Sunset Oasis, Bahaa Taher

Sunset Oasis is set in the 1890s in a location so exotic, remote and lyrical it’s hard to believe it exists. Yet it does. The Siwa Oasis sits about 560 kilometres west of Cairo, a lush, watery haven of olive trees and date palms, surrounded by a sea of sand. This defiant cluster of mud-brick homes and walled gardens has a rich history, even hosting Alexander the Great when he travelled to the oasis to seek counsel from the Oracle of Amun. The Berbers and Siwans who live in this oasis are fiercely independent and have long resisted governance by both Egyptians and British colonisers.

While it’s a challenging road trip from city to oasis for modern tourists it is considerably less punishing than it was in the nineteenth century. Back then, the journey was made by camel caravan, and plucky travellers had to survive snakes and scorpions, weeks of scorching days and bitterly cold nights, and relentless winds that made the sand lash their skin.

This is the arduous journey that Mahmoud Abd El Zahir and his Irish wife Catherine undertake in Bahaa Taher’s novel. Mahmoud has been ordered to take a job as District Commissioner in the Siwa Oasis by his Cairo-based British commanders. The prospect of moving to the oasis causes Mahmoud great concern since the locals murdered the last two commissioners, but the transfer is punishment for his role in the failed 1882 uprising against the British and there is no getting out of it. While Mahmoud, who is already inclined to melancholy, is certain his new position will end in death, Catherine, an amateur historian, is thrilled about exploring a land she has studied with rigour and diligence.

There is no warm welcome for them when they reach the oasis. This does not surprise Mahmoud, but Catherine seems genuinely bewildered, asking: ‘Why are they like this here? Why cannot I gain their affections? Walls around the gardens, fortifications around the town, and a wall around the fortifications – how can the world have wounded them so deeply that they have to curl up on themselves inside all these layers of shell? It’s another puzzle I shall have to try to solve.’

Their life as outsiders pushes the couple towards dark introspection. Mahmoud spends hours berating himself for past wrongdoings while Catherine dreams about how her discovery of Alexander the Great’s tomb, which she is certain is somewhere in Siwa, will secure her the respect she craves. They both spend so much time with their thoughts that they come unstuck, and set off a series of events that have disastrous consequences for the people around them.

Catherine and Mahmoud narrate most of Sunset Oasis in turn, and while they can both be a little gloomy, it’s hard not to care about their welfare. Mahmoud’s midlife crisis reminds us that people have wrestled with the same existential quandaries since time began. He tells us: ‘When I married Catherine, after much hesitation, I dreamt that my unruly self might finally settle down. A family, a house, an intelligent and courageous wife – why did that settledness never come? Why does it remain elusive and out of reach? The only certain thing I know is this uniform that I wear, and this profession that came to me without my wanting it.’

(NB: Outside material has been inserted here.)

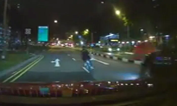 A young cyclist almost got into an accident with a car at 10.36pm on July 31, by swerving left and right in the middle of a road in Woodlands.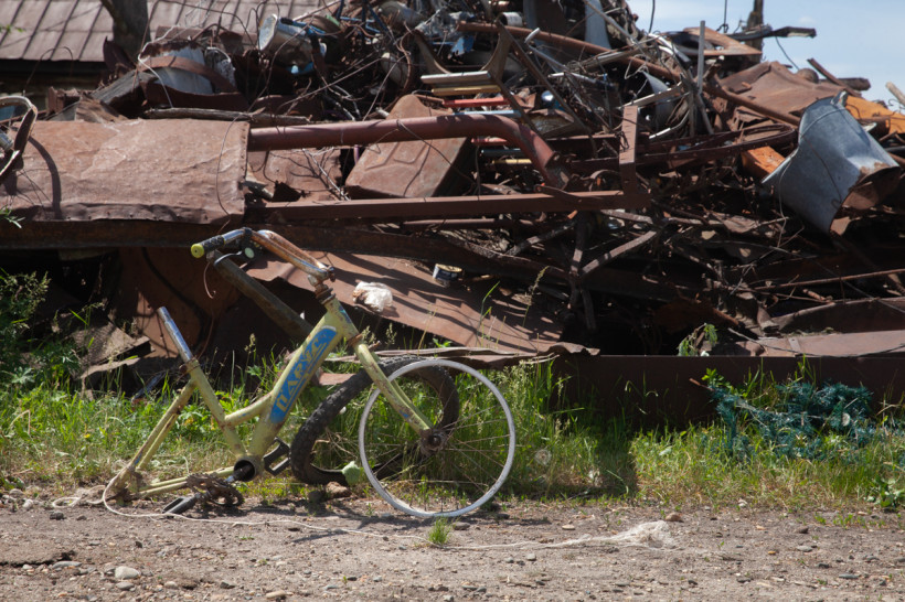 Однако напротив мертвых деревьев вовсю кипит жизнь. Дом семьи Хлевнюк больше напоминает усадьбу, которая вольготно раскинулась на половину улицы: добротный гараж, тут же стоящие автомобиль и квадроцикл, множество сараев, кучи из дров, пиломатериала, металлолома. А во дворе и за домом — душ, теплица, два трактора, мотоцикл и необъятного размера огород.

About a third of the way into the book there is a lengthy chapter narrated by Alexander the Great. It’s jarring to switch to another voice, time and storyline just when events are hotting up in the dessert for our outcast couple but it does become an engaging interlude. And like it or not you will come away knowing something about life in the 300s BC. After hearing Alexander’s tale, Catherine’s obsession with him becomes a little clearer too.

There are few moments of lightness in this story, yet it is beautifully poetic and engrossing. And it is ultimately positive because despite colonialism, overbearing natural forces, and centuries of human folly, the Siwa Oasis and its people endure. The place is immutable, a destination of wonder.

Sunset Oasis is the winner of the International Prize for Arabic Fiction, a joint venture launched in 2007 by the Booker Prize Foundation and Emirates Foundation. Hopefully, as a result of the prize, more Arabic literature will be translated for Western markets. For keen readers of fiction, it might be time to clear some space on your bookshelf for new treasures. But for now, it’s well worth seeking out a copy of Sunset Oasis.